Simon Vansteenwinckel
Charlyking
Ces images font partie d’une série que j’ai débutée en 2011 sur la ville de Charleroi en Belgique. Autrefois cité industrielle prospère, Charleroi n’est plus aujourd’hui que le fantôme d’elle-même. Les usines ont fermé les unes après les autres, entraînant la ville belge dans un déclin économique et social irrémédiable, malgré les efforts de la municipalité pour maquiller la reine déchue. La région de Charleroi est communément appelée le « Pays Noir », en rapport à ses mines de charbon. Charleroi a d’ailleurs été présentée comme la “ville la plus laide du monde” par un journal allemand. Aujourd’hui, quelques initiatives sont mises en place pour tenter de redorer le blason de la ville, mais elles ressemblent plus à un sparadrap sur une hémorragie. Cette série d’images tente d’illustrer la ville et sa situation, entre fantasme et fantasmagorie, entre rêve américain et cauchemar belge. Au niveau technique, toute la série a été faite avec un boîtier Holga 120 et du film noir et blanc. J’ai choisi cet outil car je trouvais que son rendu flou, sombre et aléatoire, convenait parfaitement au sujet.
Mamadou Dramé
ZUP- Zone Urbaine Photographique
« Filme ce que tu connais », cette citation de Martin Scorsese résonne dans ma tête lorsque je pars à la chasse aux images dans cette ZUP, que je connais si bien. Je veux mettre en lumière la pluralité des identités de la banlieue, dans une démarche quasi-documentaire, j’observe les mécanismes qui menacent de foutre en l’air les cités, nous, les concernés, sommes sourds, aveugles, ne voulant rien faire, se laissant traîner.
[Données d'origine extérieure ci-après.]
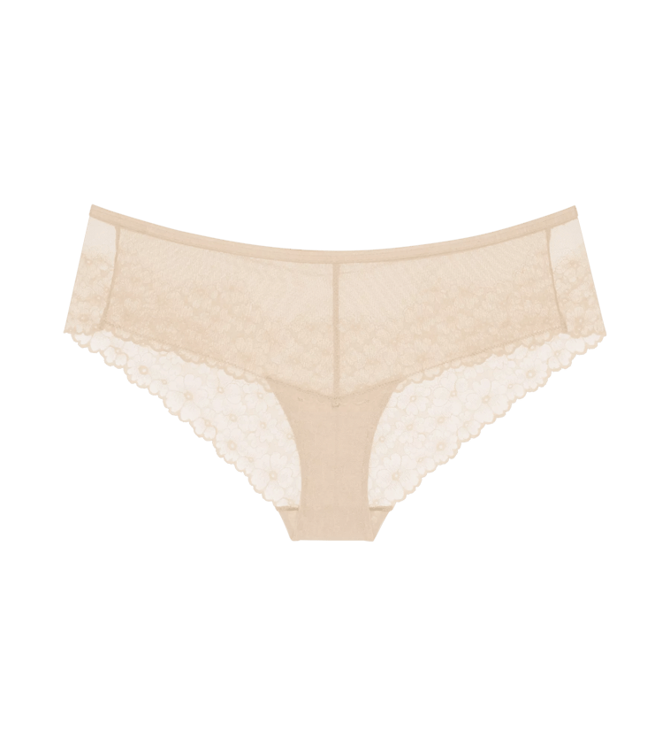 Majtki typu hipster z miękkiej i elastycznej koronki żakardowej.

Je ne prétends pas avoir la réponse mais mettre cette question en image est devenu une nécessité, quelque chose qui me dépasse, comme un instinct primaire qui m’enjoint à capturer l’instant. En fait, pour moi, c’est tout vu, c’est photographier ou finir par voir le moisi ronger la cité. Mes photos sont un appel à s’extirper du carcan qui inconsciemment s’est construit au sein même de nos esprits, elles visent à révéler que le mensonge n’est pas ailleurs mais bien ici, résidant dans une volonté partagée de ne pas voir, de ne pas comprendre, une anesthésie locale, qui nous fait regarder ailleurs quand la gangrène nous bouffe les pieds.